Аркадий Александрович Пластов.

"Фашист пролетел".

1942.

 

Аркадий Александрович Пластов. "Фашимт пролетел". 1942.

Аркадий Александрович Пластов (1893-1972) в советской художественной критике назывался «певцом колхозного крестьянства». Поначалу это так и было. Его «разнузданная» картина «Колхозный праздник» (1938) с невероятным изобилием выставленной на столах красочной закуски, с беззаботным весельем колхозного крестьянства, оказавшегося, как пишут в современных северокорейских журналах, «в теплых объятиях партии», кажется остановившимся кадром знаменитого показушного сталинского фильма «Кубанские казаки». Однако последующая творческая история Пластова, прожившего большую часть своей жизни в родном симбирском селе Прислониха и написавшего 10 тысяч картин и рисунков (в большинстве своем на деревенскую тему), сильно поколебала это общее первоначальное впечатление. По-видимому, тихое отступничество Пластова от магистральной темы победы «колхозного строя» было замечено советской критикой, и его, сталинского лауреата (кстати, получившего премию в 1945 году за довольно безыдейные с точки зрения социалистического реализма картины «Сенокос» и «Жатва»), критиковали так, что этот осторожный человек позволил себе, правда, после смерти Сталина, даже возражать критикам. В секретной записке Отдела науки и культуры ЦК КПСС за февраль 1954 года о «нездоровых» настроениях среди художественной интеллигенции и «о некотором оживлении влияния буржуазной идеологии» особо отмечено, что «в ряде случаев дело доходит до проповеди аполитичности, безыдейности искусства и восхваления упадочного западного искусства» и что «имеют место неправильные высказывания о роли советской критики в развитии искусства. Так, художники Пластов и Кацман выступили на сессии Академии художеств СССР в декабре 1953 года с требованиями «обуздания» критики. Кацман заявил: ‘Мы больше не пустим грязный сапог критики в чистый храм искусства… Президиум Академии художеств должен поставить задачу – изгнать торгующих (т. е. критиков) из храма искусства’».
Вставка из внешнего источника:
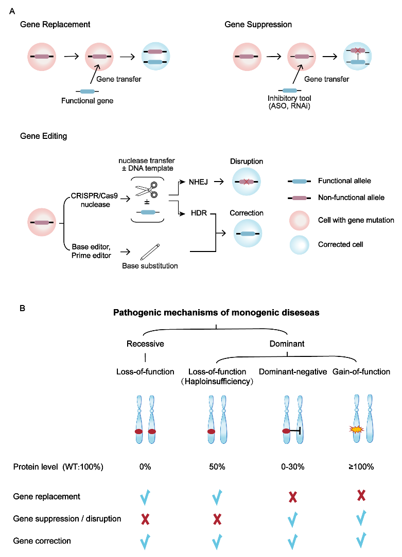 图2单基因疾病的基因治疗策略。(A) 三种主要的基因治疗策略。(B)单基因疾病的发病机制及对应的基因治疗方法。

Великолепные полотна и акварели Аркадия Пластова, этого ученика Корина, Васнецова и Архипова, сделали его Венециановым ХХ века. В его произведениях почти нет ничего от колхозов, «железных коней», парторгов, победителей соцсоревнований, повышенных удоев, умолотов, опоросов, отелов и всего того, что ассоциировалось с победой социализма на деревне, а в сущности – с разорением и мучительной гибелью этой деревни. В картинах Пластова мы видим в основном только тяжкий физический труд людей в поле с сохой, серпом, на току с примитивной молотилкой, а также скромный быт и незатейливый отдых земляков. И во множестве портреты простых, совсем не знатных крестьян, старух, детей. Среди всех этих полотен истинным шедевром навсегда осталась трогательная картина «Весна». Примечательно, что колхозники Пластова, современники индустриализации и чкаловских перелетов, обуты в лапти. Никакая это не архаизация! Тот, кто знает повседневность сталинской глубинки, не усомнится в правдивости Пластова: лапти и калоши из шин там «вышли из моды» лишь к началу 1960-х.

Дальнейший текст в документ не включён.